Issue in determining wave cycle part

In physics, the phase problem is the problem of loss of information concerning the phase that can occur when making a physical measurement. The name comes from the field of X-ray crystallography, where the phase problem has to be solved for the determination of a structure from diffraction data. The phase problem is also met in the fields of imaging and signal processing. Various approaches of phase retrieval have been developed over the years.

==Overview==

Light detectors, such as photographic plates or CCDs, measure only the intensity of the light that hits them. This measurement is incomplete (even when neglecting other degrees of freedom such as polarization and angle of incidence) because a light wave has not only an amplitude (related to the intensity), but also a phase (related to the direction), and polarization which are systematically lost in a measurement.

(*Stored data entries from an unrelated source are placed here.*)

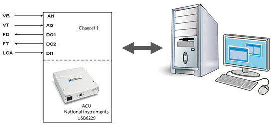 An initial specification was designed for the software to control the charging/discharging system through the ACU. The input and output lines of the ACU are shown in Figure 3, where VB is the Analog input line 1, the battery voltage; VT is the Analog input line 2, the battery temperature; FD is the Digital output line 1, end of the discharging step; FT is the Digital output line 2, end of the test; LCA is the Digital input line 1, and the command for reading the open battery voltage.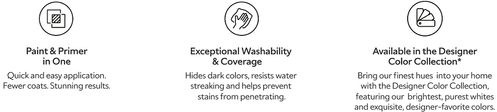 - Paint and Primer in one for true one-coat coverage over many colors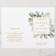 This wedding ceremony program features painted watercolor eucalyptus greenery, green leaves and a gold square frame. For more advanced customisation of this design, Please click the "Customise further" link. Matching items are also available. NOTE: You will need to fold them in half when they arrive.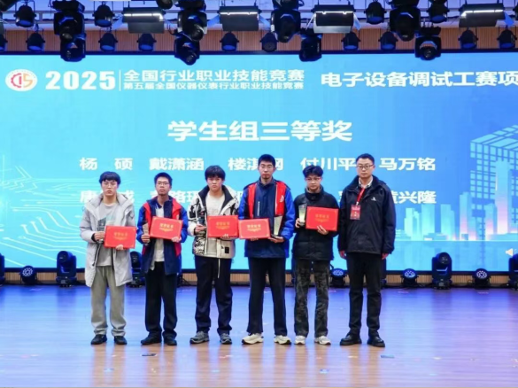 近日,2025-2026年全国行业职业技能竞赛——第五届全国仪器仪表行业职业技能竞赛电子设备调试工决赛在浙江温州圆满落幕。我院智能控制工程系学生组选手张洪帅、杨硕凭借扎实的专业功底与精湛的技艺,经过激烈⻆逐分别荣获一等奖(铜牌,第三名)与三等奖(第九名)。同时,我院被授予“优秀组织单位奖”,充分彰显了我院在高技能人才与产教融合方面的扎实成效。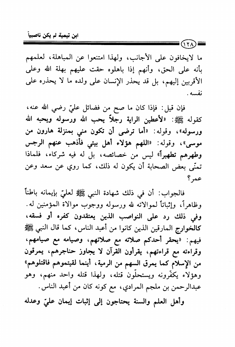 شيخ الإسلام ابن تيمية لم يكن ناصبياً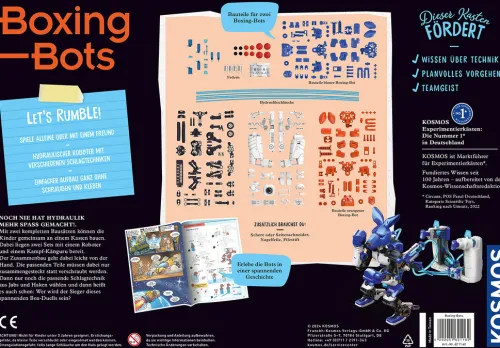 Aufgebaut, in den Ring und los! Zwei Roboter in einem Set im Duell um den Titel des Hydraulik-Champions. Mit praktischem Klick-Steck-System lassen sich die Robert kinderleicht aufbauen und konfigurieren – ganz ohne Schrauben oder Batterien! Faustschlag, Blocken oder ein spektakuläres Ausweichmanöver? Kein Problem, mit der hydraulischen Steuerung per Joysticks! Die aufwendig illustrierte und leicht verständliche Anleitung liefert zusätzlich spannendes Hintergrundwissen zu Hydraulik und Pneumatik. Der KOSMOS Experimentierkasten Boxing Bots für Kinder zwischen zehn und 14 Jahren verwandelt jedes Kinderzimmer in einen physikalischen Boxring und sorgt für actionreiche Spielstunden. Hier geht’s um mehr als Boxen! Denn mit den Boxing Bots von KOSMOS wird Physik voller Action erlebbar. Die beiden im Experimentierkasten enthaltenen Roboter-Bausätze lassen sich ohne Schrauben zu zwei Bots zusammenbauen, die mit spektakulären Schlägen, Block- oder Ausweichmanövern im Ring gegeneinander antreten können. Dank der enthaltenen Punktezähler ist immer klar, wer gerade vorne liegt, und die Strategie der beiden SpielerInnen entscheidet über Sieg oder Niederlage. Das Besondere an den Bots: Sie kommen vollkommen ohne Batterien aus! Die Bedienung erfolgt über Joysticks, die die Bewegungen dank Hydraulik übertragen. So wird das Kinderzimmer zum physikalischen Boxring!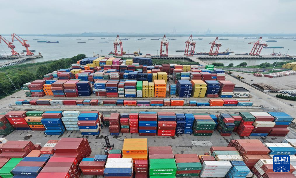 9月8日拍攝的江蘇省揚(yáng)州港集裝箱堆場(chǎng)(無(wú)人機(jī)照片)。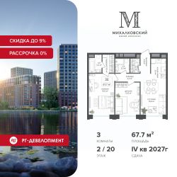Продаётся 3-к квартира 67,7 кв.м. в ЖК "Михалковский" на 2-м этаже 20 этажного дома.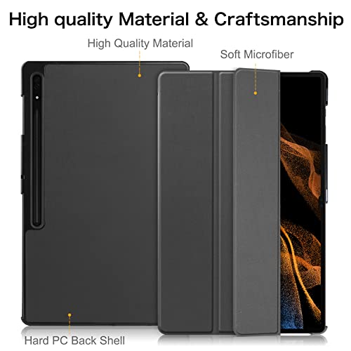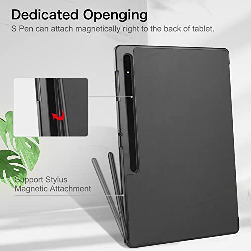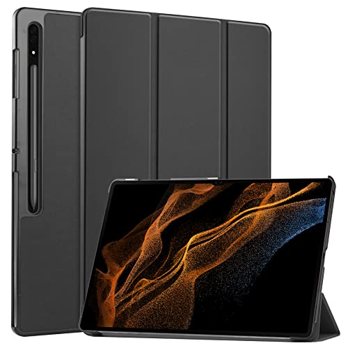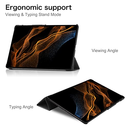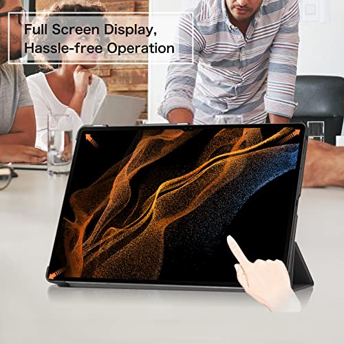 XAOAX - جراب حماية ذكي مضاد للصدمات من جلد صناعي بتصميم قابل للطي مزود بخاصية نوم - تشغيل تلقائي وحامل لقلم S بن لتابلت سامسونج جالاكسي تاب S8 الترا 14.6 بوصة 2022 SM-X900 - X906 اكس ايه او اسود

In diffraction or microscopy experiments, the phase part of the wave often contains valuable information on the studied specimen. The phase problem constitutes a fundamental limitation ultimately related to the nature of measurement in quantum mechanics.

In X-ray crystallography, the diffraction data when properly assembled gives the amplitude of the 3D Fourier transform of the molecule's electron density in the unit cell. If the phases are known, the electron density can be simply obtained by Fourier synthesis. This Fourier transform relation also holds for two-dimensional far-field diffraction patterns (also called Fraunhofer diffraction) giving rise to a similar type of phase problem.

==Phase retrieval ==

There are several ways to retrieve the lost phases. The phase problem must be solved in X-ray crystallography, neutron crystallography, and electron crystallography.

Not all of the methods of phase retrieval work with every wavelength (X-ray, neutron, and electron) used in crystallography.

=== Direct (ab initio) methods ===
If the crystal diffracts to high resolution (<1.2 Å), the initial phases can be estimated using direct methods. Direct methods can be used in X-ray crystallography, neutron crystallography, and electron crystallography.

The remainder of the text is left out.